Rabe's characters are not attractive. Despite some honesty, Eddie's wheedling and mania lose him sympathy votes; Mickey is worse - - charm is useless in tandem with his self-obsession. Chazz Palminteri's Phil fights (not always successfully) to keep his violence in check and Artie (Shandling) is just a schmuck, on one occasion turning up with underage Donna (Anna Paquin), who is left with Eddie and Mickey as a "care package".
However, as Neil LaBute proved with In The Company Of Men and Your Friends&Neighbors, characters needn't be likeable to be compelling. Penn in particular gives a hugely energetic performance, investing Eddie with remarkable emotional range. His portrayal of masculine crisis is raw and poignant. Spacey's Mickey is the ideal straight man to the manic Eddie; while ostensibly the best friend, his restraint just highlights further the simmering barbarity and downright insincerity in these relationships.
Though this is a film about masculinity and the female roles are limited, Darlene is similarly invested with layers of complexity by Wright Penn and Meg Ryan gives a performance thankfully closer to Addicted To Love than You've Got Mail. Meanwhile, Paquin makes Donna intriguing as the only character with any strength (despite being a vagrant who trades sex for room and board).
Hurlyburly only suffers on two counts: its origins in the '80s are telling, dating the film somewhat; and it's just too damn long for such a talk-orientated narrative.
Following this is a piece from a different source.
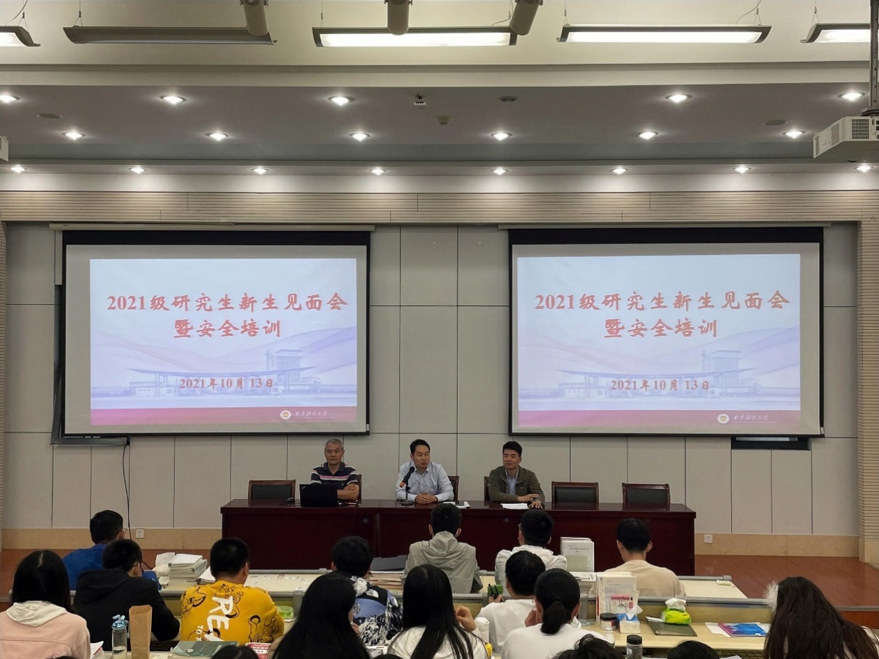 在工科楼阶梯教室举行2021级研究生新生见面会暨安全培训。院长方勇教授、副院长唐培安教授、导师代表沈新春教授、实验员夏季老师、安全员仝瑶老师和校外专家丁新龙副总经理参加会议。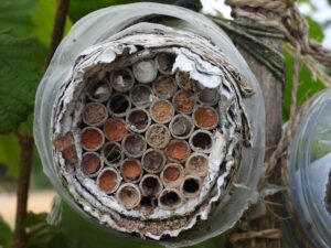 – les abeilles solitaires nichant dans des nichoirs posés en bordure de parcelles,

The dialogue may create mesmeric rhythms, but when a climactic car crash is followed by yet another half-hour of soul-searching, then the audience's attention is bound to wane.
Powerful performances and sharp dialogue carry this wordy exploration of the frustrations of the modern male. The pontification of these low-ranking Hollywood players only descends into tiresomeness as the timer ticks past 100 minutes.